Safe Cracking: Monte Carlo Nonlinear Coupled Analysis of Nuclear Reactor Bricks

M. Pogson[1], A. Bond[1], P. Robinson[1]
[1]Quintessa, United Kingdom
发布日期 2019

Advanced Gas Cooled Reactors (AGRs), owned and operated by EDF Energy, generate around 15% of electrical power in the UK. As AGRs approach their end of life, cracking is liable to occur in the graphite bricks which make up a major part of the reactor core. Safety cases to justify continued operation of the reactors generally include certain limits on the number, type and distribution of cracked bricks. It is therefore vital to be able to predict the rate of cracking to support the continued safe operation of AGRs.

Quintessa has developed a COMSOL Multiphysics® model of individual bricks to provide a route to predict cracking rates for EDF Energy. Using the Solid Mechanics interface coupled with ODE interfaces to model highly specialized thermo-mechanical processes present in graphite under an intense radiation field, a model of brick shape and stress is used to simulate bricks throughout the AGR lifespan. Statistical models for properties such as dynamic Young’s modulus and flexural strength are incorporated into the model, based on data from reactors. Monte Carlo simulation is performed to account for variability in the bricks by using a Batch Sweep, and data are exported to facilitate further analysis.

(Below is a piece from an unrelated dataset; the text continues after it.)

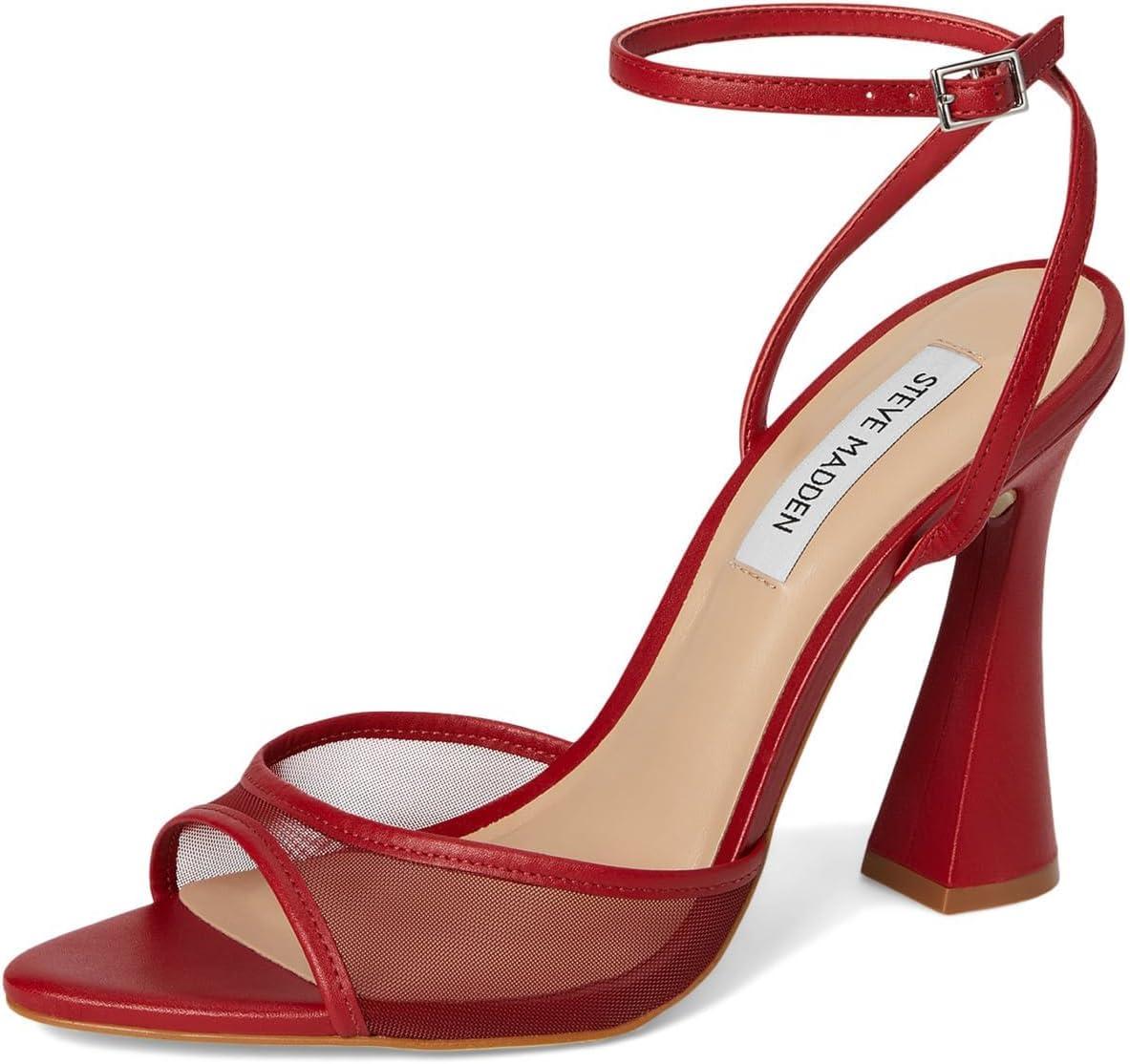 Look glorius int he flawless beauty of the Steve Madden® Beki flared heel sandals designed with an open toe and buckle detail running along a sleek ankle strap.

Parameter distributions for brick properties are initially defined to represent realistic ranges based on AGR measurements, without global model calibration. We will present a method which uses a response surface fitted to COMSOL Multiphysics® outputs in order to optimize the fit of brick shapes and cracking rates against observations, and hence calibrate the parameter distributions used in the model without having to run many thousands of model realizations. The method provides a straightforward and efficient means of comparing input data with the required calibration, building transparency and confidence in the modelling process. It also provides a means to estimate confidence bounds for comparing model predictions with measurement data using limited samples, and to estimate the probability of a brick cracking based on its shape and the core burnup.